EXPLANATORY NOTE REGARDING PROXY SUPPLEMENT
On April 29, 2024, Vroom, Inc. (“we,” “us,” “our,” the “Company,” “Vroom”) filed with the Securities and Exchange Commission a proxy statement (the “Proxy Statement”) and its Notice of 2024 Annual Meeting of Stockholders for the Company’s 2024 Annual Meeting of Stockholders (the “2024 Annual Meeting”). On or around May 3, 2024, the Company began distributing a Notice of Internet Availability of Proxy Materials (the “Notice of Internet Availability”) to stockholders of record as of April 19, 2024 (the “Record Date”) containing instructions on how to access the Proxy Statement and vote.
Recent Developments
Since the distribution of the proxy materials, there have been developments regarding the management and Board of Directors (the “Board”) of the Company. We are reaching out to you to describe these recent events and to supplement portions of the Proxy Statement as set forth in this Supplement to the Proxy Statement.

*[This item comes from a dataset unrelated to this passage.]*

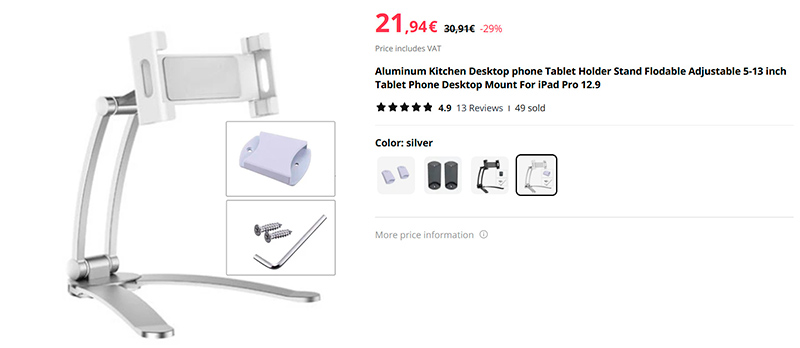 Искал себе продвинутую подставку-держатель для смартфона и планшета (имеющаяся - очень примитивная, неудобно), ну и вроде нашел то что нужно. Алюминиевая, складная, с достаточно высокой ножкой (мне это важно для видеочатов), гибко регулируется. Два цвета, отдельно можно докупить настенный держатель соответствующего цвета, крепящийся на двухсторонний скотч.

On May 6, 2024, the Board approved the separation from the Company of Robert R. Krakowiak as Chief Financial Officer, Treasurer and principal financial officer of the Company, effective May 17, 2024 (the “CFO Transition Date”). On May 6, 2024, the Board appointed Robert R. Krakowiak as a director of the Company, and as Vice Chair of the Board, in each case effective as of the CFO Transition Date. Additionally, effective as of the CFO Transition Date, the Board appointed Agnieszka Zakowicz, the Company’s current Senior Vice President and principal accounting officer, as the Company’s Chief Financial Officer and Treasurer and designated her as the Company’s principal financial officer. Ms. Zakowicz will retain her role as principal accounting officer.
The enclosed Supplement to the Proxy Statement (the “Supplement”) is being made available to stockholders of record as of the Record Date to add a new Proposal Five, pursuant to which Mr. Krakowiak will stand for re-election to the Company’s Board at the 2024 Annual Meeting.
Except for the Amended Notice of 2024 Annual Meeting of Stockholders (the “Amended Notice of Meeting”), the addition of Proposal Five to submit the nomination of Robert R. Krakowiak, the updated information regarding the make-up of the Board and its nominees inclusive of Mr. Krakowiak, and the updated information regarding our executive officers, this Supplement does not modify or supplement any other matter presented for consideration or otherwise set forth in the Proxy Statement. We have, however, for stockholders’ convenience, included summary information regarding voting and the revocability of proxies. This Supplement, Amended Notice of Meeting and proxy card distributed to stockholders of record as of the Record Date should be read in conjunction with the Proxy Statement and the Company’s Annual Report on Form 10-K for the year ended December 31, 2023 (the “2023 Annual Report”), as each contains information that is important to your decisions in voting at the 2024 Annual Meeting.
AMENDED NOTICE OF 2024 ANNUAL MEETING OF STOCKHOLDERS
To Be Held on June 13, 2024
Dear Stockholders:
The 2024 Annual Meeting of Vroom, Inc. will be held on Thursday, June 13, 2024, at 3:00 p.m. Eastern Time. The 2024 Annual Meeting will be a completely virtual meeting, which will be conducted via live webcast. You will be able to attend the 2024 Annual Meeting online and submit your questions during the meeting by visiting www.virtualshareholdermeeting.com/VRM2024 and entering the 16-digit control number included on the Notice of Internet Availability of Proxy Materials or the proxy card that you received, or on the materials provided by your bank or broker. The 2024 Annual Meeting will be held for the following purposes:
Proposals
The foregoing items of business are more fully described in the Proxy Statement made available to stockholders on or about May 3, 2024, except for the addition of Proposal 5, and additional information with respect thereto is set forth in the enclosed Supplement.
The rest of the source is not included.